HOW TO COMPLETE THIS TASK
Would you copy the lines below exactly and omit the images?

AVAILABLE DATA
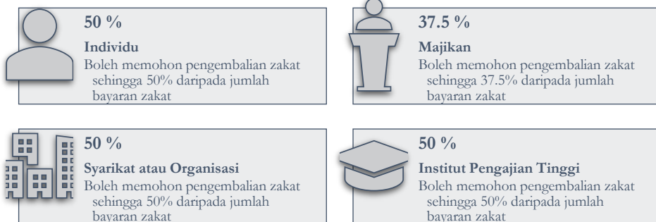
Rajah 2: Ringkasan Kadar Pulangan DWZ MAIWP

Jadual di atas mengenai kadar pulangan yang diberikan kepada pembayar zakat berbeza mengikut kategori entiti dan jumlah zakat yang ditunaikan. Bagi individu yang membayar zakat harta atau pendapatan sebanyak RM20,000 dan ke atas, kadar pulangan yang diberikan bermula dari 12.5% dan boleh mencecah sehingga 50% sekiranya jumlah zakat yang dibayar melebihi RM1 juta. Bagi kategori syarikat atau organisasi yang membayar zakat perniagaan sebanyak RM10,000 dan ke atas, kadar pulangan bermula daripada 37.5% dan boleh meningkat sehingga 50%, selaras dengan jumlah zakat yang dikeluarkan. Dalam konteks pemotongan gaji oleh majikan pula, pulangan wakalah sebanyak 12.5% akan diberikan bagi jumlah potongan zakat melebihi RM100,000, manakala jika potongan gaji melebihi RM100,000 disertai dengan pengesahan bahawa 80% pekerja telah dipotong gajinya untuk zakat, kadar pulangan yang diberikan meningkat kepada 37.5%. Institusi pengajian tinggi juga tidak dikecualikan, di mana mereka diberi kadar pulangan wakalah sehingga 50% tanpa had minimum bayaran zakat. Kadar-kadar ini memperlihatkan insentif kewangan yang ditawarkan bagi menggalakkan penyertaan aktif dalam sistem zakat menerusi mekanisme wakalah .
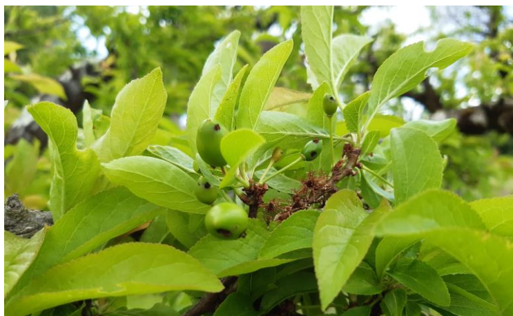
Dégâts d'hoplocampe sur Prunier américano-japonais – Photo J-F PLANAVERGNE 82 2024

La pulvérisation de nématodes parasitoïdes est une méthode alternative permettant de limiter les populations de larves au sol. Les nématodes sont à positionner au moment de l'enfouissement des larves autour de fin Avril/début Mai.
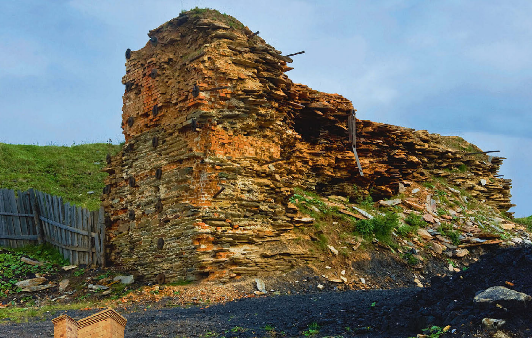
Руины доменной печи завода Бисер
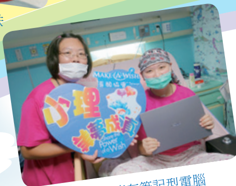
小理想擁有筆記型電腦
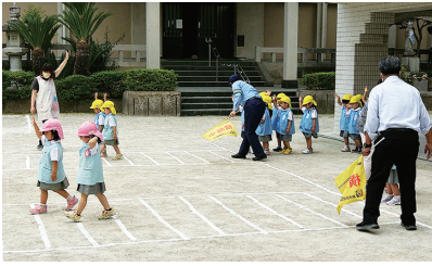
交通教室 僕も私も元気よく

EXERCISE OUTPUT
Rajah 2: Ringkasan Kadar Pulangan DWZ MAIWP

Jadual di atas mengenai kadar pulangan yang diberikan kepada pembayar zakat berbeza mengikut kategori entiti dan jumlah zakat yang ditunaikan. Bagi individu yang membayar zakat harta atau pendapatan sebanyak RM20,000 dan ke atas, kadar pulangan yang diberikan bermula dari 12.5% dan boleh mencecah sehingga 50% sekiranya jumlah zakat yang dibayar melebihi RM1 juta. Bagi kategori syarikat atau organisasi yang membayar zakat perniagaan sebanyak RM10,000 dan ke atas, kadar pulangan bermula daripada 37.5% dan boleh meningkat sehingga 50%, selaras dengan jumlah zakat yang dikeluarkan. Dalam konteks pemotongan gaji oleh majikan pula, pulangan wakalah sebanyak 12.5% akan diberikan bagi jumlah potongan zakat melebihi RM100,000, manakala jika potongan gaji melebihi RM100,000 disertai dengan pengesahan bahawa 80% pekerja telah dipotong gajinya untuk zakat, kadar pulangan yang diberikan meningkat kepada 37.5%. Institusi pengajian tinggi juga tidak dikecualikan, di mana mereka diberi kadar pulangan wakalah sehingga 50% tanpa had minimum bayaran zakat. Kadar-kadar ini memperlihatkan insentif kewangan yang ditawarkan bagi menggalakkan penyertaan aktif dalam sistem zakat menerusi mekanisme wakalah .
Dégâts d'hoplocampe sur Prunier américano-japonais – Photo J-F PLANAVERGNE 82 2024

La pulvérisation de nématodes parasitoïdes est une méthode alternative permettant de limiter les populations de larves au sol. Les nématodes sont à positionner au moment de l'enfouissement des larves autour de fin Avril/début Mai.
Руины доменной печи завода Бисер
小理想擁有筆記型電腦
交通教室 僕も私も元気よく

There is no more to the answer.